▶ _Exercise material_:

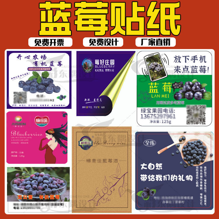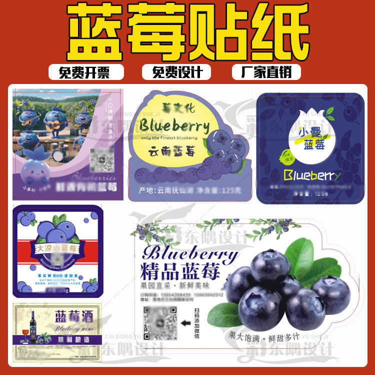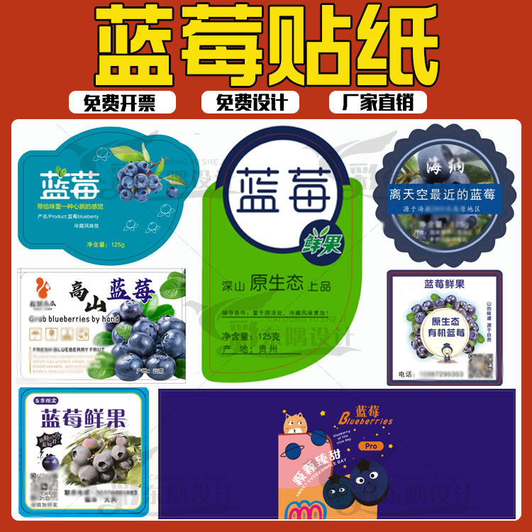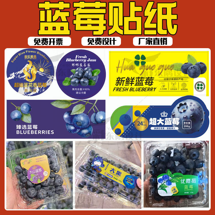 设计蓝莓腰封卡套树莓贴纸蔓越莓草莓盒贴标签杨梅杨桃水果不干胶
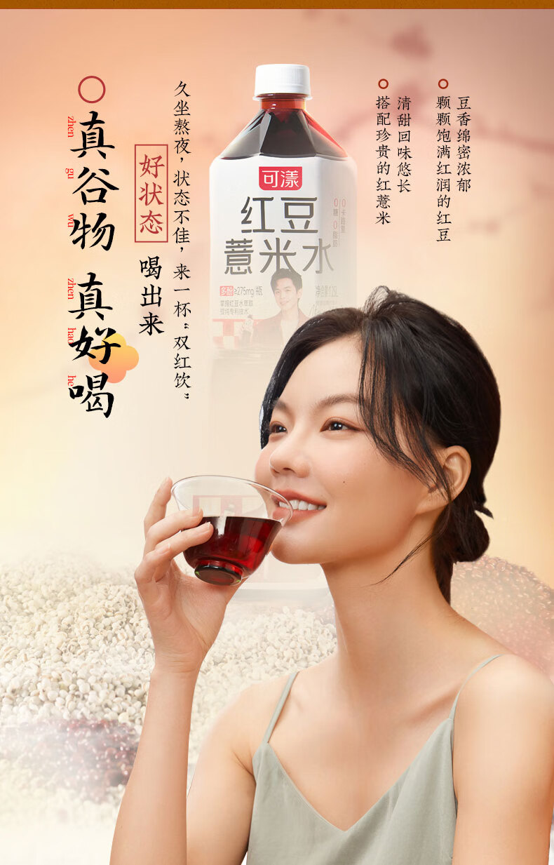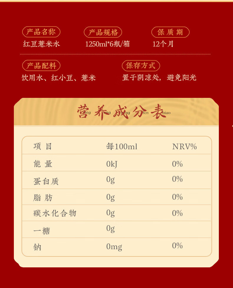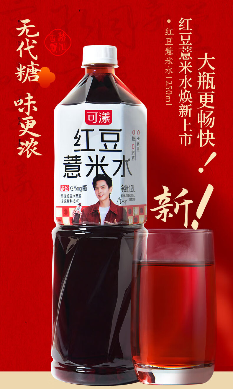 可漾红豆薏米水0卡无脂肪运动薏仁无糖饮料1.25L 1.25L*6瓶装
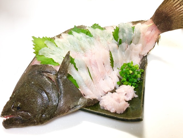ヒラメは身体の左側を上にして生活しています。(カレイとは真逆)カレイに比べて口が大きく、鋭い歯が生えています。刺身・揚げ物・煮物・ムニエルなどなんでもおいしくいただけます。
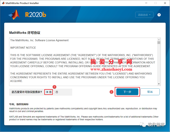 5.许可协议界面,先勾选“是”,然后点击【下一步】
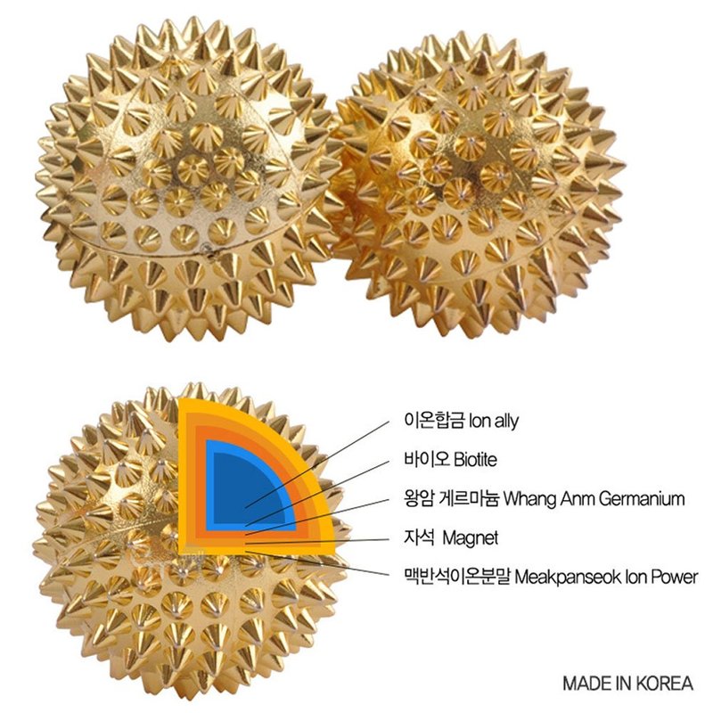Product name: Acupressure Spiky Magnetic Massage Balls For Health Care, Stimulates Blood Circulation / Health Improvement, Hand & Feet Fatigue Recovery / Stimulate nerves and reflexes, Combines acupressure massage and magnetic therapy, Made In Korea, Size: 35mm (D), Material: ABS, Magnet, Color : Gold, Contents: Hand Acupressure Spiky Balls (2 pcs), Pouch, Case, Simple manual, Effective for relieving fatigue, Your handy instrument for health care, Massage the acupoint of palms, Based on traditional Oriental acupressure therapy, Promote health and circulation, Combines acupressure massage and magnetic therapy, Use with hands or feet, Stimulate nerves and reflexes, 35mm (D) diameter balls.
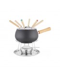 La confezione contiene una base in acciaio con supporto in metallo cromato, una casseruola con coperchio in acciaio smaltato, 6 cucchiaini per salse,6 forchettine, 6 piatti fonduta colore bianco, 6 ciotole in gres e un fornelletto apribile di ultima generazione per utilizzare cialde combustibili.
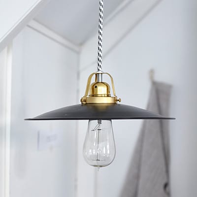 Wszystkie elementy metalowe. Klosz z recyklingu może posiadać małe przebarwienia, rysy, itp. Oprawka na żarówkę z dużym gwintem E27 z porcelanową końcówką. Oprawka mocowana na mosiężnym koszyczku. Do takiej oprawki można wkręcić mocniejszą żarówkę – nawet do 150W. Lampa na kablu skręcanym w otulinie z tkaniny w kolorze białym. Żarówka nie jest w cenie.
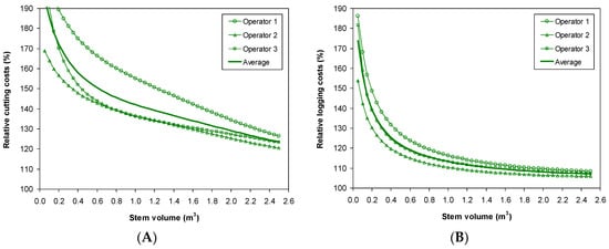 Relative cutting (A) and logging (B) costs in windfall clear cutting as a function of stem volume by operator and on average. Cost 100 = cutting/logging costs in normal clear cutting with undamaged standing trees. The density of removal was 450 stems ha−1.
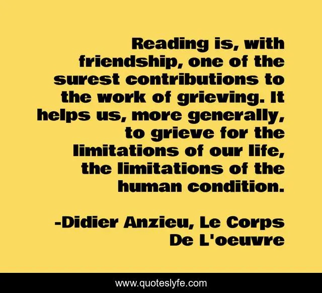 This page presents the quote "Reading is, with friendship, one of the surest contributions to the work of grieving. It helps us, more generally, to grieve for the limitations of our life, the limitations of the human condition.". Author of this quote is Didier Anzieu, Le Corps De L'oeuvre. This quote is about friendship, grieving, love, reading, affection,.
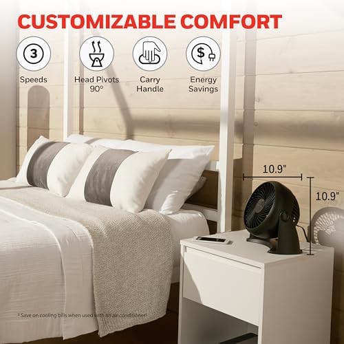 Diseño Aerodinámico TurboForce para máxima circulación del aire. Úsalo para un enfriamiento personal intenso o para una circulación de aire que ahorra energía. 25% más silencioso que modelos similares. Dimensiones - Longitud: 11.10 pulgadas, Ancho: 6.54 pulgadas, Altura: 11.30 pulgadas. Puede usarse en una mesa o montarse en la pared para mayor comodidad. Recomendado para habitaciones pequeñas y medianas. Marco de 11 pulgadas que pivota 90 grados con 3 velocidades y aspas de 7 pulgadas.
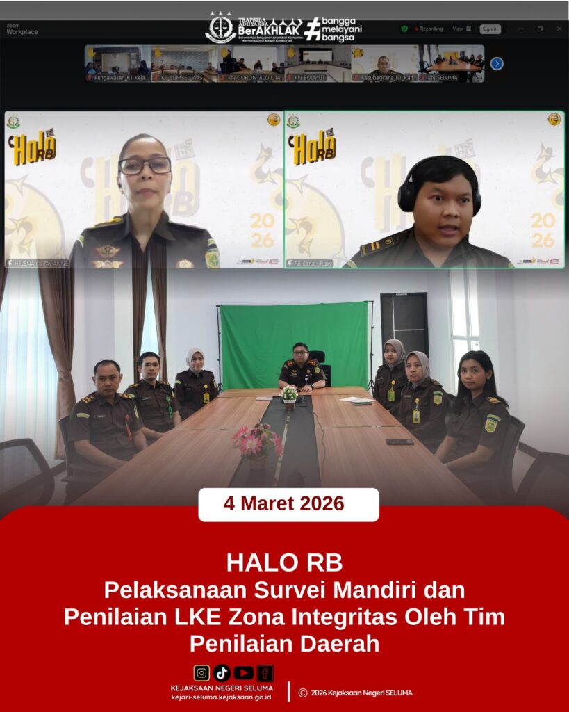 Seluma, Bertempat di Aula Kejaksaan Negeri Seluma, Kepala Kejaksaan Negeri Seluma, Bapak Janu Arsianto, S.H., M.H beserta Para Staf di Kejaksaan Negeri Seluma mengikuti kegiatan Halo RB Edisi Maret 2026 “Pelaksanaan Survei Mandiri dan Penilaian LKE Zona Integritas Oleh Tim Penilaian Daerah” secara daring melalui Zoom Meeting, Rabu (04/03/2026)
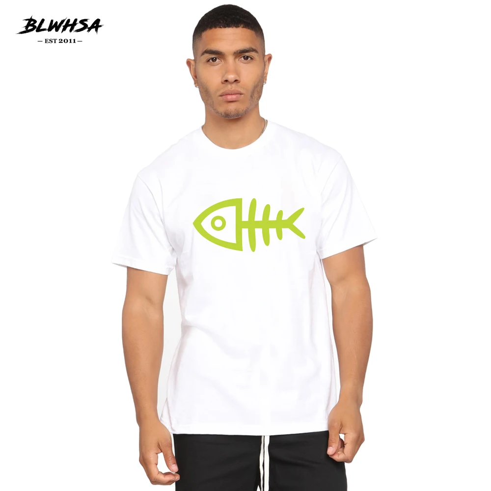 Мужская футболка с принтом рыбьей кости BLWHSA, летняя футболка с коротким рукавом, Забавный дизайн, с рисунком синей рыбы

▶ _Task goal_:
Taking the entries above, extract every line from the one bearing "Relative cutting (A)" through the one bearing "Diseño Aerodinámico TurboForce", exactly, with no pictures.

▶ _Output for this exercise_:
 Relative cutting (A) and logging (B) costs in windfall clear cutting as a function of stem volume by operator and on average. Cost 100 = cutting/logging costs in normal clear cutting with undamaged standing trees. The density of removal was 450 stems ha−1.
 This page presents the quote "Reading is, with friendship, one of the surest contributions to the work of grieving. It helps us, more generally, to grieve for the limitations of our life, the limitations of the human condition.". Author of this quote is Didier Anzieu, Le Corps De L'oeuvre. This quote is about friendship, grieving, love, reading, affection,.
 Diseño Aerodinámico TurboForce para máxima circulación del aire. Úsalo para un enfriamiento personal intenso o para una circulación de aire que ahorra energía. 25% más silencioso que modelos similares. Dimensiones - Longitud: 11.10 pulgadas, Ancho: 6.54 pulgadas, Altura: 11.30 pulgadas. Puede usarse en una mesa o montarse en la pared para mayor comodidad. Recomendado para habitaciones pequeñas y medianas. Marco de 11 pulgadas que pivota 90 grados con 3 velocidades y aspas de 7 pulgadas.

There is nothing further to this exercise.